Так в сознании Мандельштама сложился биографический миф, в котором благородный, но обреченный на поражение фехтовальщик Ламарк противопоставлен скучной конторской крысе — Чарльзу Дарвину.
Это Ламарк:
Ламарк боролся за честь живой природы со шпагой в руках. Вы думаете, он так же мирился с эволюцией, как научные дикари XIX века? А по-моему, стыд за природу ожег смуглые щеки Ламарка. Он не прощал природе пустячка, который называется изменчивостью видов.
Вперед! Aux armes! Смоем с себя бесчестие эволюции. <…>
…Я люблю, когда Ламарк изволит гневаться и вдребезги разбивается вся эта швейцарская педагогическая скука. В понятие природы врывается марсельеза![32]
А вот каков его английский антипод:
Золотая валюта фактов поддерживает баланс его научных предприятий, совсем как миллион стерлингов в подвалах британского банка обеспечивает циркуляцию хозяйства страны…[33] Нельзя не плениться добродушием Дарвина… Но разве добродушие — метод творческого познания и достойный способ жизнеощущения?[34]

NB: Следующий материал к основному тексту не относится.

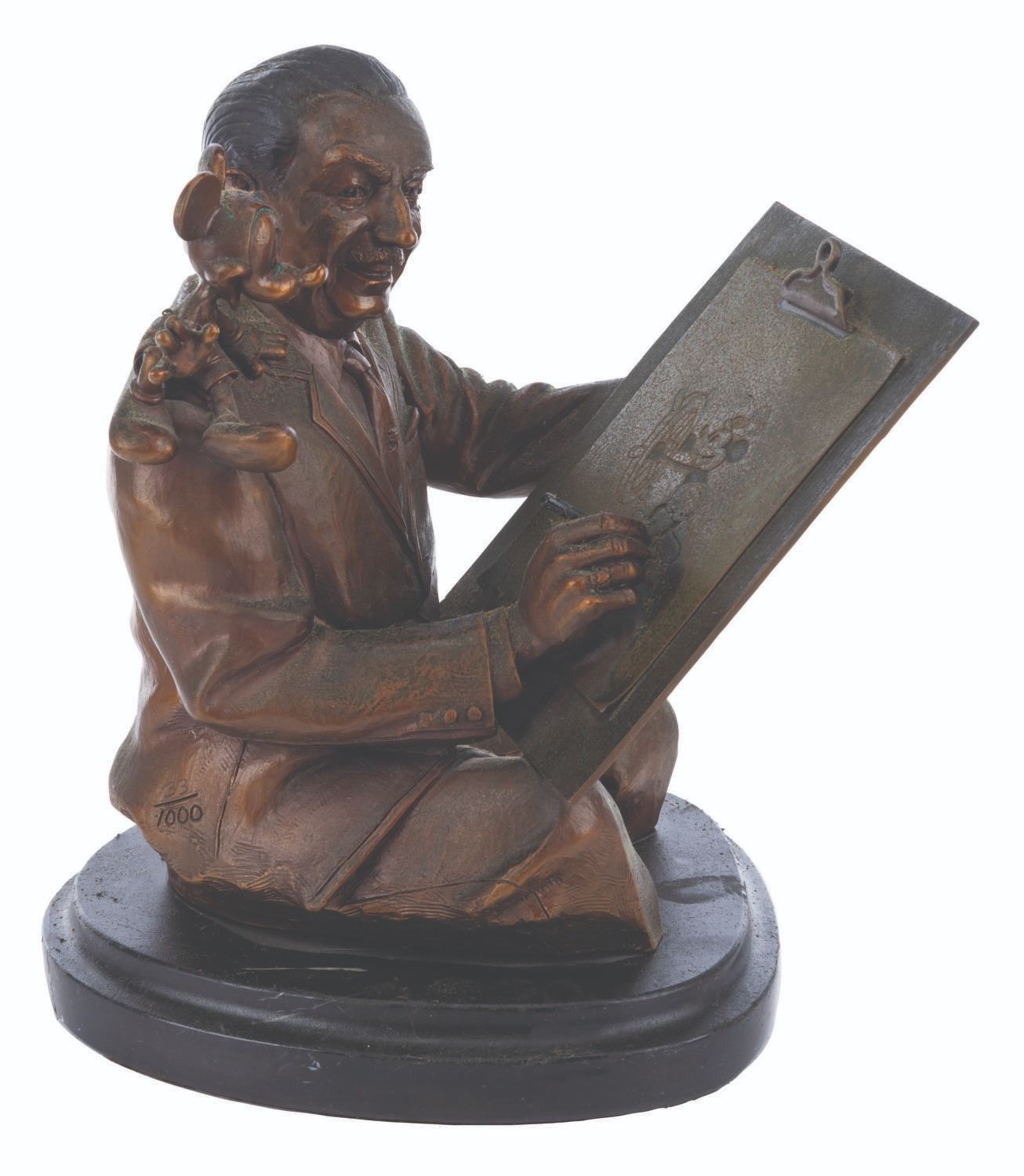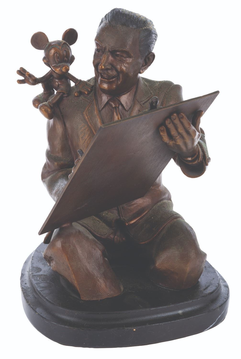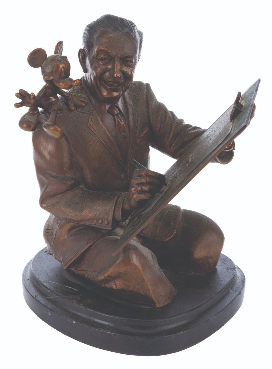 (Disney, 1990s) A bronze sculpture of Walt Disney and Mickey Mouse titled "Walt Draws Mickey." This statue by renowned artist Bill Toma was released in a limited edition and is numbered 33 of 1000. Measuring 7.5" x 8.5" x 11", the sculpture is in fair condition with patina, and the marble base is sticky to the touch.

Дарвин по-буржуазному прозаичен, трезв, расчетлив. Таковы и его читатели — воспитанные на Диккенсе «среднеобразованные» англичане:
Замечательный прозаизм трудов Дарвина был глубоко подготовлен историей. Дарвин раз навсегда изгнал из естествознания всякое красноречие и всякую риторику и всякий телеологический пафос во всех его видах. Он имел мужество быть прозаичным потому, что имел многое и многое сказать и не чувствовал себя никому обязанным ни благодарностью, ни восхищением[35].
Мандельштам противопоставляет рыцарю-Ламарку
…скромного Дарвина, по уши влипшего в факты, озабоченно листающего книгу природы — не как Библию — какая там Библия! — а как деловой справочник, биржевой указатель, индекс цен, примет и функций[36].
Здесь можно увидеть прямую параллель с одним из «классиков марксизма». Энгельс в «Диалектике природы» писал, что Дарвин своей теорией невольно дал сатиру на общество, в котором вырос и жил, в котором царят самая беспощадная экономическая конкуренция и самая отчаянная борьба за существование. По его мнению, банкирская, бухгалтерская Англия могла увидеть саму себя в зеркале «Происхождения видов». Так, в своем неприятии «скучного и прозаического» Дарвина Осип Мандельштам неожиданно протягивает руку Фридриху Энгельсу[37].
Мысль о том, что Дарвин в своей теории простодушно изобразил современные ему социальные отношения, видимо, просто носилась в воздухе, потому что практически то же самое можно найти и у очень далеких от марксизма авторов. Павел Анненков, в письме Ивану Тургеневу от 22 ноября 1862 года сообщает: «Я теперь читаю историю русского общества, написанную англичанином Дарвином, под заглавием „Origine des espèces”. Прочтите там первые три главы — точно приезжал к нам для изучения законов нашего развития, да как искусный баснописец и олицетворил их под видом зверей и растений»[38].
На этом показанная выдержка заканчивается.